If an entry holds a picture, leave the picture out and copy the rest exactly.
Top of Excerpted data
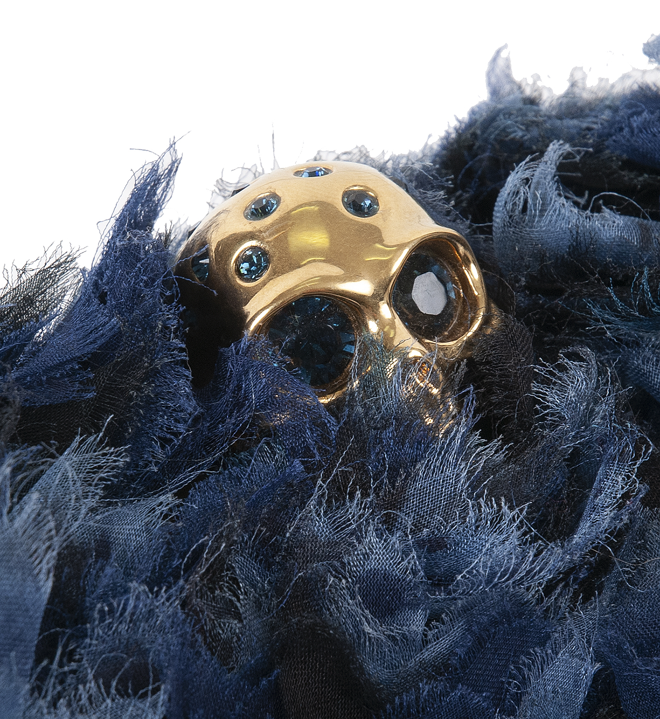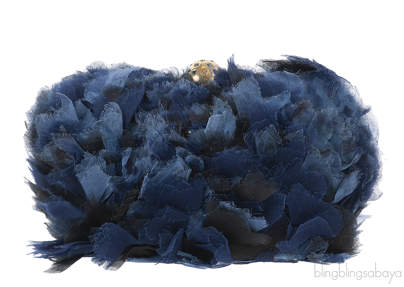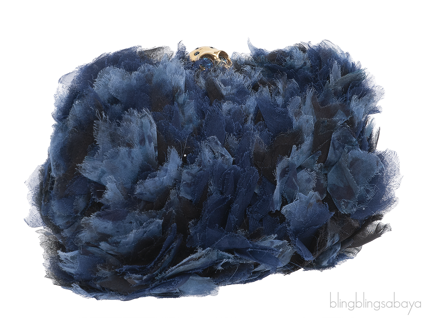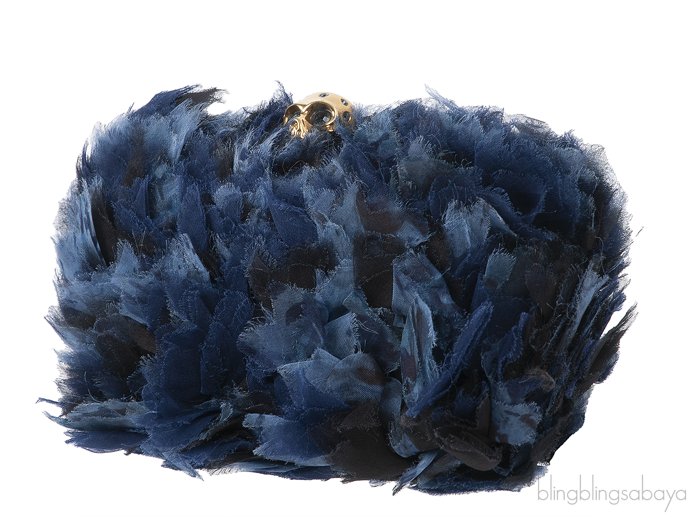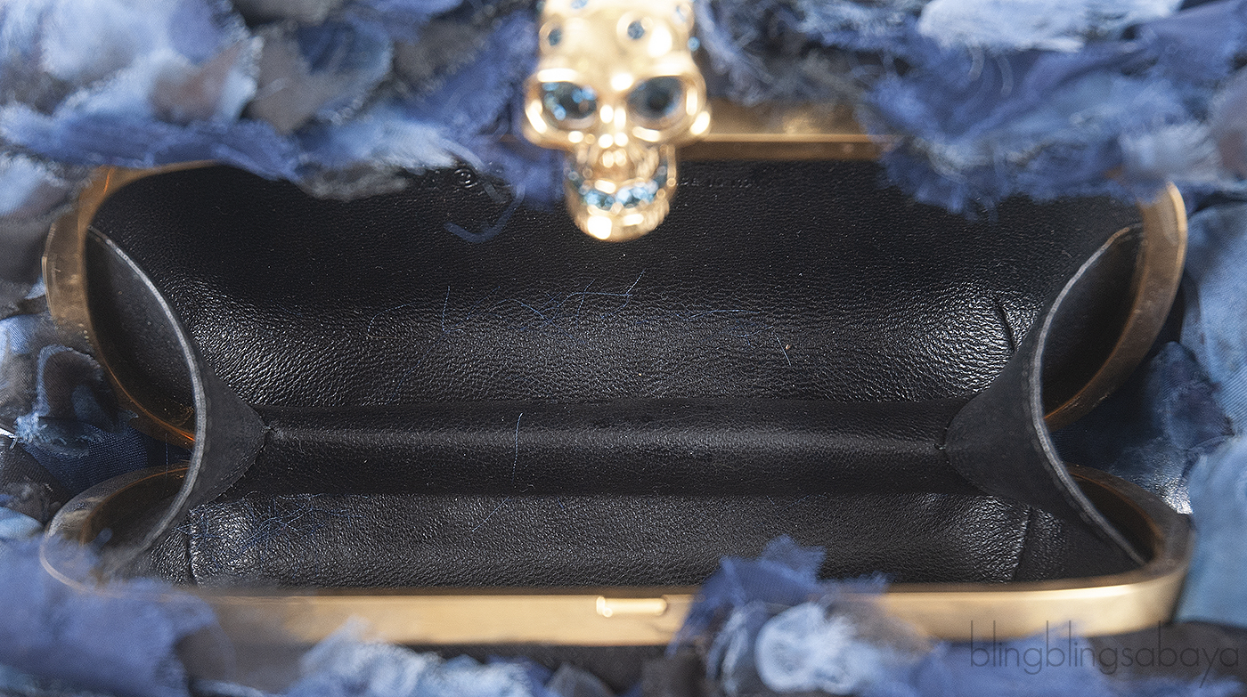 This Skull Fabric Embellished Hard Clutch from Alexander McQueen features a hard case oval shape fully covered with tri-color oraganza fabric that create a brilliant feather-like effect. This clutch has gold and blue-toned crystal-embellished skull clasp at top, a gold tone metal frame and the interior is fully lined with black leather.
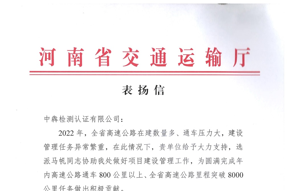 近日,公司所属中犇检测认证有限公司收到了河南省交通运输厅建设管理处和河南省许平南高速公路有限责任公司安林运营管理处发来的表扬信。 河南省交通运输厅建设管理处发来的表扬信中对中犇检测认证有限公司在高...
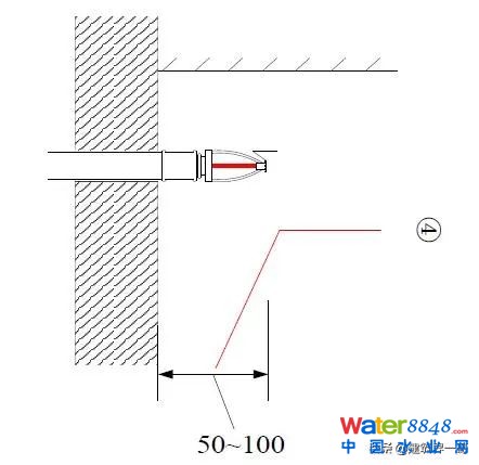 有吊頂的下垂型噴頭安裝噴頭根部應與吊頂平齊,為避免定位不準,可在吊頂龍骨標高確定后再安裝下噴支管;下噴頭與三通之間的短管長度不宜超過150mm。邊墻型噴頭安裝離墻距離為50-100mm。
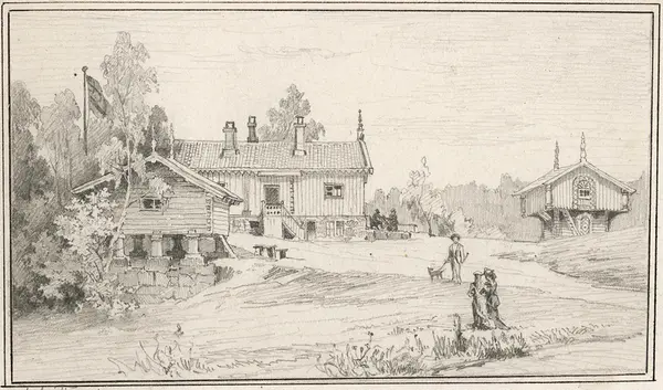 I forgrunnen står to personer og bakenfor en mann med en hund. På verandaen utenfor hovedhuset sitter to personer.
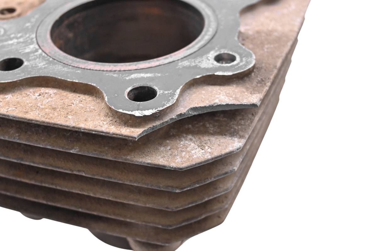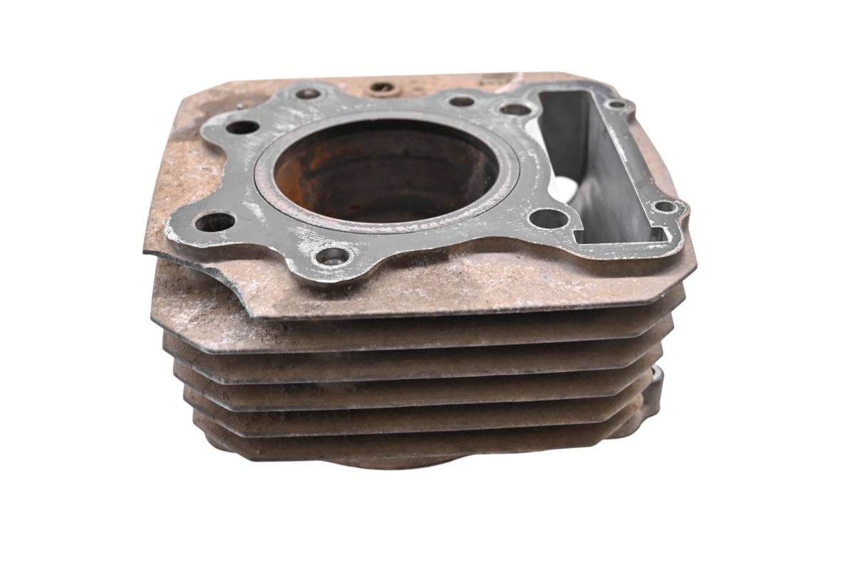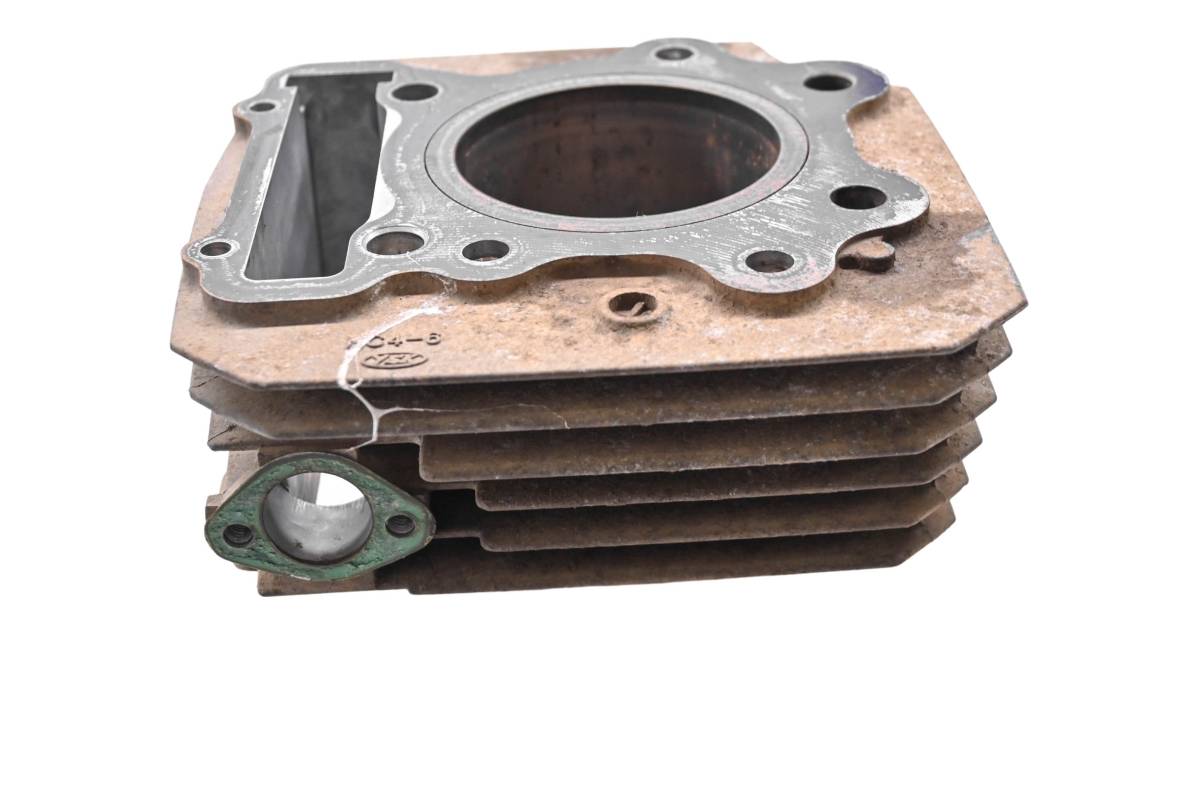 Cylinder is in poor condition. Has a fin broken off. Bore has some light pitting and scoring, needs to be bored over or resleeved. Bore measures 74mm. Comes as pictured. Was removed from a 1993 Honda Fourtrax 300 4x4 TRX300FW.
Bottom of Excerpted data
=== Answer box ===
 This Skull Fabric Embellished Hard Clutch from Alexander McQueen features a hard case oval shape fully covered with tri-color oraganza fabric that create a brilliant feather-like effect. This clutch has gold and blue-toned crystal-embellished skull clasp at top, a gold tone metal frame and the interior is fully lined with black leather.
 近日,公司所属中犇检测认证有限公司收到了河南省交通运输厅建设管理处和河南省许平南高速公路有限责任公司安林运营管理处发来的表扬信。 河南省交通运输厅建设管理处发来的表扬信中对中犇检测认证有限公司在高...
 有吊頂的下垂型噴頭安裝噴頭根部應與吊頂平齊,為避免定位不準,可在吊頂龍骨標高確定后再安裝下噴支管;下噴頭與三通之間的短管長度不宜超過150mm。邊墻型噴頭安裝離墻距離為50-100mm。
 I forgrunnen står to personer og bakenfor en mann med en hund. På verandaen utenfor hovedhuset sitter to personer.
 Cylinder is in poor condition. Has a fin broken off. Bore has some light pitting and scoring, needs to be bored over or resleeved. Bore measures 74mm. Comes as pictured. Was removed from a 1993 Honda Fourtrax 300 4x4 TRX300FW.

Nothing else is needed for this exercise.